Yell "Catfight!" in the middle of a battle between the SOB's and slaneshe deamonetts.


----------



## gwmaniac (Sep 1, 2008)

call a terminator fat and slow


----------



## Critta (Aug 6, 2008)

Just to go to some picture based ones, people have probably seen these before, but thought I'd add some of the more amusing ones I've seen lately


----------



## Druchii in Space (Apr 7, 2008)

Hehehe, love the 'wait till you see the bad guys' one, the 5th ed Necron is cool as well. :biggrin:

Heres a few I've got, I have put some in the Motivational thread, but this thread is dedicated to 40K humour, so I thought I'd repost some.


----------



## surreal-mind (Oct 11, 2008)

fire a plasma gun randomly into the sky nonstop


----------



## CGall10 (Nov 4, 2007)

what chapter is the cosplay guy from..... lol


----------



## hells_fury (Apr 17, 2008)

the "dont have to take it seriously all the time" what show are those chicks from, they look strangely familiar.


----------



## revenant13 (Feb 15, 2008)

here are some other funnies


----------



## revenant13 (Feb 15, 2008)

and here are a few more


----------



## Druchii in Space (Apr 7, 2008)

Cosplayer is an Ultramarine, but I think ye was joking. 
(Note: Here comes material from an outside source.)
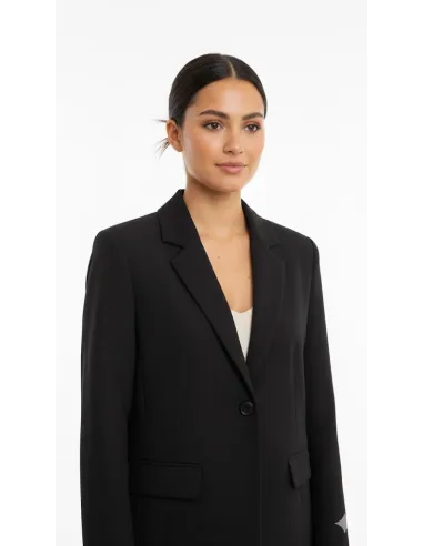 Redefine tu vestuario con esta americana negra, una pieza maestra de la sastrería moderna que combina la versatilidad y la sofisticación atemporal. Esta no es una simple chaqueta; es el pilar de un armario inteligente, diseñada para llevarte con elegancia desde una reunión de trabajo importante hasta una cena especial. Su corte impecable y ligeramente oversize o de diseño estructurado, dependiendo del modelo, te garantiza una silueta actual y favorecedora. Confeccionada con un tejido que ofrece una caída perfecta y un tacto suntuoso, la americana negra es sinónimo de confianza. Llévala con un pantalón a juego para un total look formal, o combínala con jeans y una camiseta para un estilo smart-casual inigualable. Es la inversión definitiva en elegancia duradera.

As to the two girls Hells, no idea sadly, just found it on another forum I go to on the rare occasion.


----------



## Judas Masias (Jun 5, 2008)

Tell a Battle Sister that you are a self tought gyenagolgist (sorry can't spell ) and that you give free exaims.


----------



## willem the beterthan (Dec 28, 2008)

my favorets are 
empors children 
the wat leagon are you thing
eldar the other wight meat
and the comasar thing:biggrin: im defanetley geting one of thoes female comasars naw

i dident get the one with the to litel girels that were dresd as a tau


----------



## Gavalon the Great (Jan 1, 2009)

* Try and smear Grecian 2000 on a Grey Knight.

* Take a berzerker to Anger Management classes.
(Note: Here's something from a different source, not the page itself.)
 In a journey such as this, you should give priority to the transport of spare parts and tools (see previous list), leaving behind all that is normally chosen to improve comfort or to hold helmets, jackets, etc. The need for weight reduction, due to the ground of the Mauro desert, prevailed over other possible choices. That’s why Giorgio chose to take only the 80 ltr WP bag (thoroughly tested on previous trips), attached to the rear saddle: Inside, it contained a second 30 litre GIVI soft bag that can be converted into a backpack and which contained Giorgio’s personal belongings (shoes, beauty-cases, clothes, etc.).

* Ask a Daemonette out to "paint the town beige".

* Offer a Death Guard marine a handkerchief.

* Ask a Word Bearer if there's an illustrated version of the Writings of Lorgar.

* Give a Noise Marine a Barry Manilow CD for Xmas
(cos even pure Chaos has its limits).


----------



## willem the beterthan (Dec 28, 2008)

tel slanesh he/she is fat


----------



## Caledor (Jan 15, 2008)

Ask Tzeentch how many fingers your holding behind your back

Shout _Chaos Forever_ to a GK

Tell Khorne he's a wuss

Polish a plague marines armour

Invent something new and show the Mechanicus


----------



## ACoz (Oct 23, 2007)

Inquisitor Aurelius said:


> Hint: begins with O.
> 
> Personally, I found "What Chapter" funnier. Though I must say, I love the look on Perturabo's face. Heh.


Maybe the picture was done before the book _Legion_ came out and ruined the Alpha Legion with all that Twin Primarchs silliness?


----------